The following list describes the limits when you are using Cloud Config for Enterprise:
  • Cloud Config for Enterprise is in invitational preview. Therefore, you must submit a ticket or contact the service manager for the permission to use Cloud Config for Enterprise.
  • Before you use Cloud Config for Enterprise, you must log on to the Resource Management console to create a resource directory on the Resource Directory page.
  • To create a rule or configure the audit record storage feature, you must log on to the Cloud Config for Enterprise console by using the master account. You can also log on to the console as a RAM user with the administrator permissions. The configurations are applied to all member accounts.

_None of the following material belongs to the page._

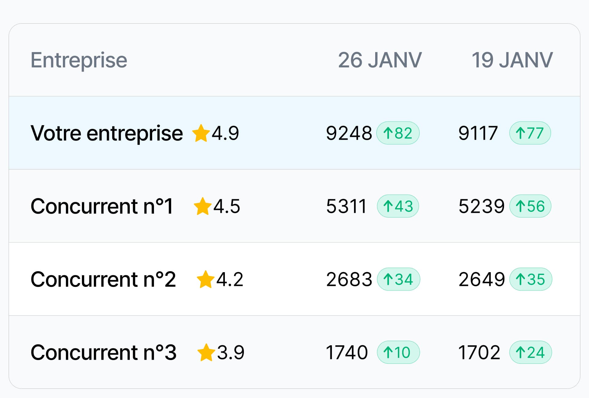 Surveillez les concurrents et comparez l'évolution de votre note avec d'autres établissements dans votre zone ou secteur pour fixer des objectifs.

  • You cannot use a member account to perform write operations in the Cloud Config for Enterprise console.
  • The master account can create up to 200 rules.
  • After you upgrade Cloud Config to Cloud Config for Enterprise, the original configurations of the master account and member accounts are deleted. All member accounts are managed by the master account.
  • You cannot downgrade Cloud Config for Enterprise to Cloud Config for individuals.
    Note Both Cloud Config for Enterprise and Cloud Config for individuals are free.